Saved entries:

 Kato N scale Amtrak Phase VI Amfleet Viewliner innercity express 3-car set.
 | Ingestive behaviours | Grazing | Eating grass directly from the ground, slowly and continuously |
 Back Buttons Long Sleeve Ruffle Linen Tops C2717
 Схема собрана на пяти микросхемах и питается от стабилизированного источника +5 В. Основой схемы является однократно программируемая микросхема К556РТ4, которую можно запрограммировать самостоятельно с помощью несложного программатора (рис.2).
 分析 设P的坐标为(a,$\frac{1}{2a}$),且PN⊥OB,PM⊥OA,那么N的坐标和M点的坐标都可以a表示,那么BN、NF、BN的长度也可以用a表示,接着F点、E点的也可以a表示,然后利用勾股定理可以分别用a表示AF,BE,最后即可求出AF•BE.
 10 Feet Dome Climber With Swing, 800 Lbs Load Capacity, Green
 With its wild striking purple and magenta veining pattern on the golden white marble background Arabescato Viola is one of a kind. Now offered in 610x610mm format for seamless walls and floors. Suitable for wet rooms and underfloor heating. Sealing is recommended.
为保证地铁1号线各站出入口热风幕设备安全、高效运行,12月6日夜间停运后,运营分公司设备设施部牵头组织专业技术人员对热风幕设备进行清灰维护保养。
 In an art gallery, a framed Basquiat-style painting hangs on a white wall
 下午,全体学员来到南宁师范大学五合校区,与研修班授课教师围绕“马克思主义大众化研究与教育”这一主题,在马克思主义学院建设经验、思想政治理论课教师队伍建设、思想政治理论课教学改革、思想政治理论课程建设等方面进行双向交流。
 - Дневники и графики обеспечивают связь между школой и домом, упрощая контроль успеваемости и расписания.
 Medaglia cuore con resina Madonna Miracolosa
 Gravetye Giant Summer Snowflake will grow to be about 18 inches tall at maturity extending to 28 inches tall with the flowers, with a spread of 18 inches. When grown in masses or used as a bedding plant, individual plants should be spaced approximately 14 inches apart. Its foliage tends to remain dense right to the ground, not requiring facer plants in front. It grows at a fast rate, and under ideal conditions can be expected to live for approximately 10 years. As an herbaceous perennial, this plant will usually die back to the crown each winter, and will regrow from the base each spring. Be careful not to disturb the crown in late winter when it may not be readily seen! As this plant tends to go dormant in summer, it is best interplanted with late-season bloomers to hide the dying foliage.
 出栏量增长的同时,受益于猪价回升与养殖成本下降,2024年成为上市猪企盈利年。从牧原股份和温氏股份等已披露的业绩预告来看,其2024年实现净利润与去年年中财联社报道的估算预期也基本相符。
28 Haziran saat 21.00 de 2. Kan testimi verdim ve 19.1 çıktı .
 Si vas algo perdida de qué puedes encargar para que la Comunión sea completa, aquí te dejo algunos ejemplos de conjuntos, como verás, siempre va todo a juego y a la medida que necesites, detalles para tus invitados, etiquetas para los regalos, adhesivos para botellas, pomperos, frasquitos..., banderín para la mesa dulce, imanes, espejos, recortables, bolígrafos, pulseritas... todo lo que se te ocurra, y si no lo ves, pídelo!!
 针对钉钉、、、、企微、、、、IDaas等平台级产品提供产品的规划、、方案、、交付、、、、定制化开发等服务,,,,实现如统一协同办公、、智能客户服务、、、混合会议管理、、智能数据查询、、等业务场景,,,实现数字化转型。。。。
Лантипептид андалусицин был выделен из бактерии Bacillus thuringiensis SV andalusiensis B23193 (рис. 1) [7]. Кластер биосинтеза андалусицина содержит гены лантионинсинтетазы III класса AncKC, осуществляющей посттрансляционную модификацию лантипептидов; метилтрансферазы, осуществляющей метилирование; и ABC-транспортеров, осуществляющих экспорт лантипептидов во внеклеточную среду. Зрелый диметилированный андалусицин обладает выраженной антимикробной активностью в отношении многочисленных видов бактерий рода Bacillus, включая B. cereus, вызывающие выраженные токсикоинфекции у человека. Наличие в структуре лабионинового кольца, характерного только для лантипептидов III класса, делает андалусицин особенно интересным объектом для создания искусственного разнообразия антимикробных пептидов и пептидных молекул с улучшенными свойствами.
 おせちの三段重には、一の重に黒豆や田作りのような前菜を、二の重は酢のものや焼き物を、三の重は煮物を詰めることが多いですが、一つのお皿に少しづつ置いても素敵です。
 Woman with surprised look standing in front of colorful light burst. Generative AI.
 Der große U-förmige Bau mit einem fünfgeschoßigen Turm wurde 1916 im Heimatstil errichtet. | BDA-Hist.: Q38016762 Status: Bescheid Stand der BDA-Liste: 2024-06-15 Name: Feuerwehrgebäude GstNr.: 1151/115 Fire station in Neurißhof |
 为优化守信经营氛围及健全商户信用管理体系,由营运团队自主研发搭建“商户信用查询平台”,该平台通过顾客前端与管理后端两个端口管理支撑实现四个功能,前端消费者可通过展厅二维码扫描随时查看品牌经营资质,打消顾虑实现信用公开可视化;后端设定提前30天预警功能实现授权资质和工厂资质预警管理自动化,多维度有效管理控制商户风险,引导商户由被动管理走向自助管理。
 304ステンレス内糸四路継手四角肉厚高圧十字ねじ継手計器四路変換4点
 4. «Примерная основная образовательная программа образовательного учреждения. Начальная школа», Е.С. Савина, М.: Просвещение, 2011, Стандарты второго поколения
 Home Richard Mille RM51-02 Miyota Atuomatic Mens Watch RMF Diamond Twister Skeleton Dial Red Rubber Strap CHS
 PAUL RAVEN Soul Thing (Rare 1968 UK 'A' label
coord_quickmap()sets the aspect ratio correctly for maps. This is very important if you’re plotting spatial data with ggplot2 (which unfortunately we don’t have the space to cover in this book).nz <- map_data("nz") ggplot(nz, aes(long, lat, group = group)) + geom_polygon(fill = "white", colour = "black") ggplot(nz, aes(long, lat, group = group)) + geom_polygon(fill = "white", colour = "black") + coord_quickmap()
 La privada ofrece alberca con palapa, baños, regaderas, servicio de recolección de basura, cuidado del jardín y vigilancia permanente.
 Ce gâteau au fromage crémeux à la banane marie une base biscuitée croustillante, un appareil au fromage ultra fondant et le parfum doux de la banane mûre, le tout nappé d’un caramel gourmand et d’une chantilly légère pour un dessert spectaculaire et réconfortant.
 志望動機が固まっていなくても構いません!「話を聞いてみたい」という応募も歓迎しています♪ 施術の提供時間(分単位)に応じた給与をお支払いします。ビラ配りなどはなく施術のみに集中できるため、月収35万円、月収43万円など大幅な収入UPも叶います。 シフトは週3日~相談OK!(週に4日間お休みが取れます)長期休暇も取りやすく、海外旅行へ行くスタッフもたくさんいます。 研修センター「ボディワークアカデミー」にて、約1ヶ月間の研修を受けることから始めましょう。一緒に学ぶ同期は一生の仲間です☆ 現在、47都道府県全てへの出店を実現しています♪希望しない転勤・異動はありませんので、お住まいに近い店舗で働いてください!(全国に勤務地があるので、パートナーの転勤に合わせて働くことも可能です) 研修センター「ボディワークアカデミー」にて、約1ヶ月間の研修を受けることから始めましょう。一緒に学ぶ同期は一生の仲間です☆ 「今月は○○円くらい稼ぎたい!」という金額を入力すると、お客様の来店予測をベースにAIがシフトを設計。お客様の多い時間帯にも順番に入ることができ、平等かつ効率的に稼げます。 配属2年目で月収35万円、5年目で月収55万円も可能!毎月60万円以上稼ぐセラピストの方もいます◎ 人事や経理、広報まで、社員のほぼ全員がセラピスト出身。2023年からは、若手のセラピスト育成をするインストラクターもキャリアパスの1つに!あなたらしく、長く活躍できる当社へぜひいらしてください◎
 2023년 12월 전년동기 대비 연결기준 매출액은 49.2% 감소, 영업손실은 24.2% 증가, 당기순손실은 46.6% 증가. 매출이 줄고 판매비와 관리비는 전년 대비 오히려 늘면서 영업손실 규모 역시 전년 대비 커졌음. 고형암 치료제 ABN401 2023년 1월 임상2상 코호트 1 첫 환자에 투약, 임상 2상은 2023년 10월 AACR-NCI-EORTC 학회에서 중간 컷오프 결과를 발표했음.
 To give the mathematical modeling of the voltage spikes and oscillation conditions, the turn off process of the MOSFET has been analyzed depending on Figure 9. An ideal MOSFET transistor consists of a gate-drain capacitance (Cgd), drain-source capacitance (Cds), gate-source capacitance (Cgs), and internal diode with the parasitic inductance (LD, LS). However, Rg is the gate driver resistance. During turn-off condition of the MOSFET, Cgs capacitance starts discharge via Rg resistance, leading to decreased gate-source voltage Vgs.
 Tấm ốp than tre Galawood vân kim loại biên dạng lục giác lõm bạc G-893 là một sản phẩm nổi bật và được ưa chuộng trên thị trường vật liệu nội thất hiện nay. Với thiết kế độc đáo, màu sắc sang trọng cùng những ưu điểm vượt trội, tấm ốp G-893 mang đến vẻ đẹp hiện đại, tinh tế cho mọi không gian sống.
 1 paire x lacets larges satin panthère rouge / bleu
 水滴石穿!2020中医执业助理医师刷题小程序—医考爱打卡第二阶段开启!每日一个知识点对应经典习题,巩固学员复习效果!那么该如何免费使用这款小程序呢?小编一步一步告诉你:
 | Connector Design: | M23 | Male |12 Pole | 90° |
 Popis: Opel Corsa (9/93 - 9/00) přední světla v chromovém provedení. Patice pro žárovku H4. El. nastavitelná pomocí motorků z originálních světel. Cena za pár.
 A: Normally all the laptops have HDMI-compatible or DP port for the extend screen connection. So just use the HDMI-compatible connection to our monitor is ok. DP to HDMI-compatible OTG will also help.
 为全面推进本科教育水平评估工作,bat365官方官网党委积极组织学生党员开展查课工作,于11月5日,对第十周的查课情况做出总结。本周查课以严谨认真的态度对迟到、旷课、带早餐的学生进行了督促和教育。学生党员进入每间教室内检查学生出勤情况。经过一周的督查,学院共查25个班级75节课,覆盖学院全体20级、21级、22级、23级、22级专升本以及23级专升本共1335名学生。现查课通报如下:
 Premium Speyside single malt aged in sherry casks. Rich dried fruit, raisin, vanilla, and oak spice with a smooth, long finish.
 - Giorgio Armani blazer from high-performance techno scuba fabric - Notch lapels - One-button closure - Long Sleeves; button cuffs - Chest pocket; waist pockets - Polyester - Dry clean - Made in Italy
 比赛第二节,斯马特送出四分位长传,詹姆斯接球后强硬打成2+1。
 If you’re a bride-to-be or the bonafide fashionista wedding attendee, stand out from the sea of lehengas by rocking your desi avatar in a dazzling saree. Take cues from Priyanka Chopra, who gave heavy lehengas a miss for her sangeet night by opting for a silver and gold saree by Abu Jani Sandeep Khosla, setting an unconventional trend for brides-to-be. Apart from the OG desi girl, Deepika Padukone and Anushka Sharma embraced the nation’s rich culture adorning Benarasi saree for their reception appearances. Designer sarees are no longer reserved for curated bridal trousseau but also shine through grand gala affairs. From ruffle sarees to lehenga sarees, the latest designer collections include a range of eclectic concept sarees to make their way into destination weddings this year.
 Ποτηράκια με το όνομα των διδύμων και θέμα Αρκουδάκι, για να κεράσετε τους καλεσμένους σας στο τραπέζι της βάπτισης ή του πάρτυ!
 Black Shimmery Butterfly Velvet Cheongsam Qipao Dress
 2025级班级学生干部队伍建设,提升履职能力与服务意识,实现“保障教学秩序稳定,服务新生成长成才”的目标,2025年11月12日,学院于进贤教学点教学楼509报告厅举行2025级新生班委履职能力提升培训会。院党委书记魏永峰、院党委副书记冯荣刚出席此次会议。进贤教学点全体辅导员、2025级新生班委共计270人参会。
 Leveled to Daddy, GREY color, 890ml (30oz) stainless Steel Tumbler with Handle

__Task details__: Find every line in the records that uses the string "have", then copy it.

__Written response__:
coord_quickmap()sets the aspect ratio correctly for maps. This is very important if you’re plotting spatial data with ggplot2 (which unfortunately we don’t have the space to cover in this book).nz <- map_data("nz") ggplot(nz, aes(long, lat, group = group)) + geom_polygon(fill = "white", colour = "black") ggplot(nz, aes(long, lat, group = group)) + geom_polygon(fill = "white", colour = "black") + coord_quickmap()
 A: Normally all the laptops have HDMI-compatible or DP port for the extend screen connection. So just use the HDMI-compatible connection to our monitor is ok. DP to HDMI-compatible OTG will also help.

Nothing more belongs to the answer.